→ **Assignment**: Write the lines below out exactly, dropping each picture.

(Information supplied)

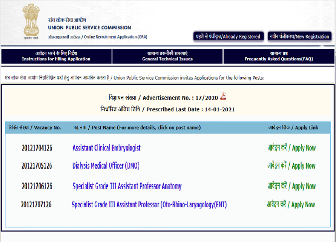 केंद्रीय स्वास्थ्य मंत्रालय के अधीन आने वाले देश भर के विभिन्न अस्पतालों में खाली पड़े कई शैक्षणिक और गैर शैक्षणिक पदों पर भर्ती शुरू कर दी गई है। केंद्रीय स्वास्थ्य मंत्रालय की ओर से यह भर्ती प्रक्रिया संघ लोक सेवा आयोग (UPSC) की ओर से आयोजित की जा रही है। संघ लोक सेवा आयोग की ओर से चिकित्सकों, डायलिसिस अधिकारियों समेत कई रिक्त पदों पर सीधी भर्ती के लिए आवेदन आमंत्रित किए गए हैं। आगे की स्लाइड्स में दिए गए सभी पदों के लिए भर्ती आवेदन की अंतिम तिथि मकर संक्रांति यानी 14 जनवरी, 2021 तक ही है। आगे देखिए किस पद के लिए क्या हैं योग्यता मानदंड...
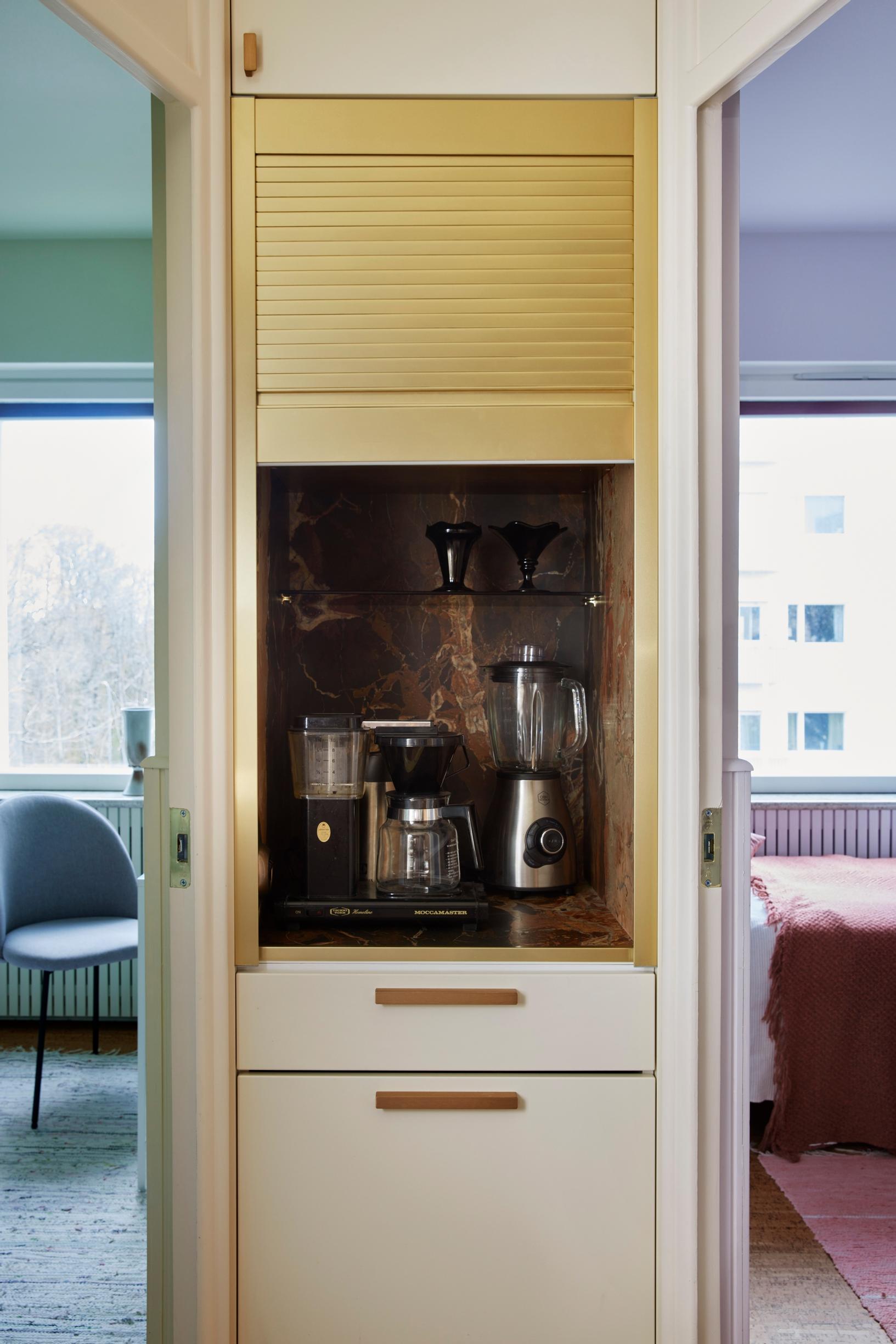 Meja suunnitteli keittiön ensin nykyisen ruokailutilan paikalle, mutta taloyhtiö ei hyväksynyt suunnitelmaa haastavien putkivientien vuoksi. Uuden suunnitelman myötä keittiö sijoittui käytävämäiseen eteiseen. Näin hän sai huoneistoon yhden huoneen lisää.
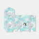 En söt kokeshi doll i en damskij rosa turkos kimono under en rosa cherryblossom träd. Med en turkospinnad bakgrund. Med en anpassningsbar i ett elegant-teckensnitt för flickans födelsedagar.
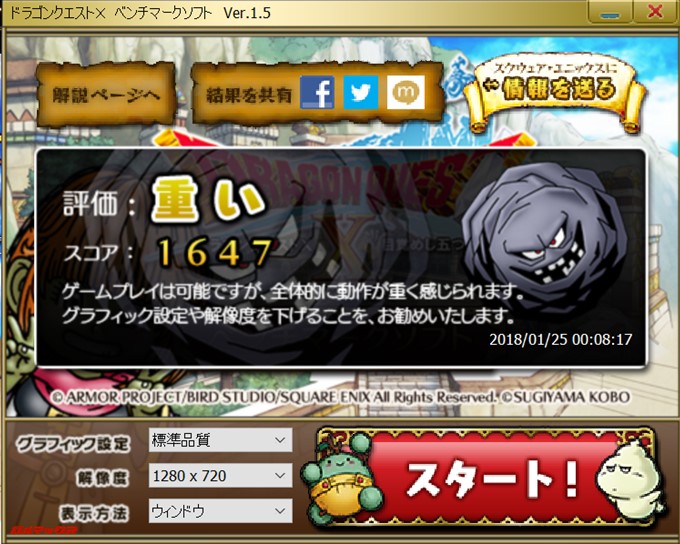 ドラクエXのベンチマークテストを行いましたが、HDの標準画質で【重い】、HDの低画質で【やや重い】となりました。

(End Information supplied)

→ **Solution to this task**:
 केंद्रीय स्वास्थ्य मंत्रालय के अधीन आने वाले देश भर के विभिन्न अस्पतालों में खाली पड़े कई शैक्षणिक और गैर शैक्षणिक पदों पर भर्ती शुरू कर दी गई है। केंद्रीय स्वास्थ्य मंत्रालय की ओर से यह भर्ती प्रक्रिया संघ लोक सेवा आयोग (UPSC) की ओर से आयोजित की जा रही है। संघ लोक सेवा आयोग की ओर से चिकित्सकों, डायलिसिस अधिकारियों समेत कई रिक्त पदों पर सीधी भर्ती के लिए आवेदन आमंत्रित किए गए हैं। आगे की स्लाइड्स में दिए गए सभी पदों के लिए भर्ती आवेदन की अंतिम तिथि मकर संक्रांति यानी 14 जनवरी, 2021 तक ही है। आगे देखिए किस पद के लिए क्या हैं योग्यता मानदंड...
 Meja suunnitteli keittiön ensin nykyisen ruokailutilan paikalle, mutta taloyhtiö ei hyväksynyt suunnitelmaa haastavien putkivientien vuoksi. Uuden suunnitelman myötä keittiö sijoittui käytävämäiseen eteiseen. Näin hän sai huoneistoon yhden huoneen lisää.
 En söt kokeshi doll i en damskij rosa turkos kimono under en rosa cherryblossom träd. Med en turkospinnad bakgrund. Med en anpassningsbar i ett elegant-teckensnitt för flickans födelsedagar.
 ドラクエXのベンチマークテストを行いましたが、HDの標準画質で【重い】、HDの低画質で【やや重い】となりました。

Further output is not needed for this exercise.